The shooting, Mehmet Kaya says , happened early Monday as he slept, he says.

The attacker broke the window of the house, “drew the curtain and shot my girl in the head,” he said.

The dad lashed out at reports that his own family had a role in the shooting.

“The media portrayed our situation badly,” he told the BBC.

“Yes I am in a tribe. But we don’t have any of this honor killing nonsense. I enrolled my daughter into school myself. We are knowledgeable. We are a family that believes in democracy. Would any father do anything like this to his daughter?”

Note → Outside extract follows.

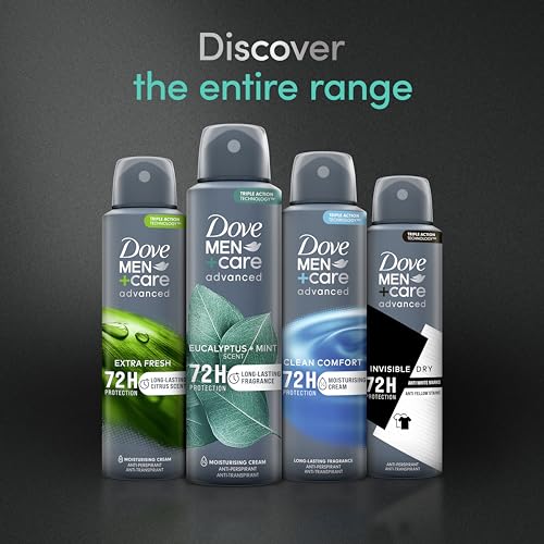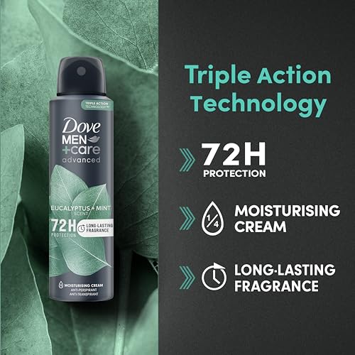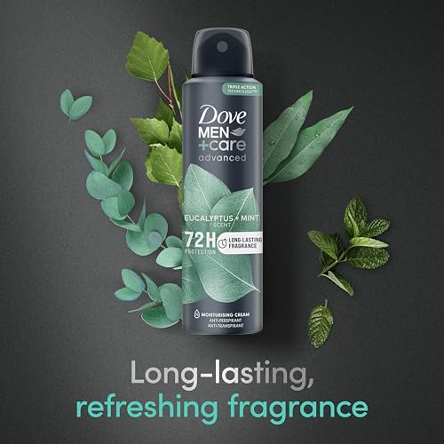Dove Men+Care Eucalyptus + Mint Antiperspirant Aerosol deodorant for men with 1/4 moisturising cream for 72h sweat and odour protection 6x 200 ml is a premium solution designed to maintain freshness and comfort throughout the day. Infused with the invigorating scents of eucalyptus and mint, this antiperspirant ensures 72 hours of reliable sweat and odour protection while its unique formula incorporates 1/4 moisturising cream, preventing skin irritation and maintaining smooth and healthy underarms. Available also in variations featuring the relaxing scent of Sage + Vetiver and the refreshing blend of Sandalwood + Orange.

“I am proud of her. And then am I to hurt her? There is no truth to those claims.”

Mutlu Kaya’s uncle, Mehmet Nesih Gunes, told the BBC the attack was “violent barbarity.”

“It can’t be described in any other way,” he said. “She was so young. Beginning her career. To try to kill someone like that is to kill humanity.”

The Guardian writes:

There has been a surge of violence against women in Turkey, with almost 300 murdered in the last year, many of them by their husbands, boyfriends or relatives. A 2013 nationwide survey found that 34% of men thought domestic violence was “occasionally necessary”, while 28% believed violence was an acceptable tool “to discipline women”.

The Turkish president, Recep Tayyip Erdoğan, has repeatedly claimed that “men and women were not equal, but completed each other.”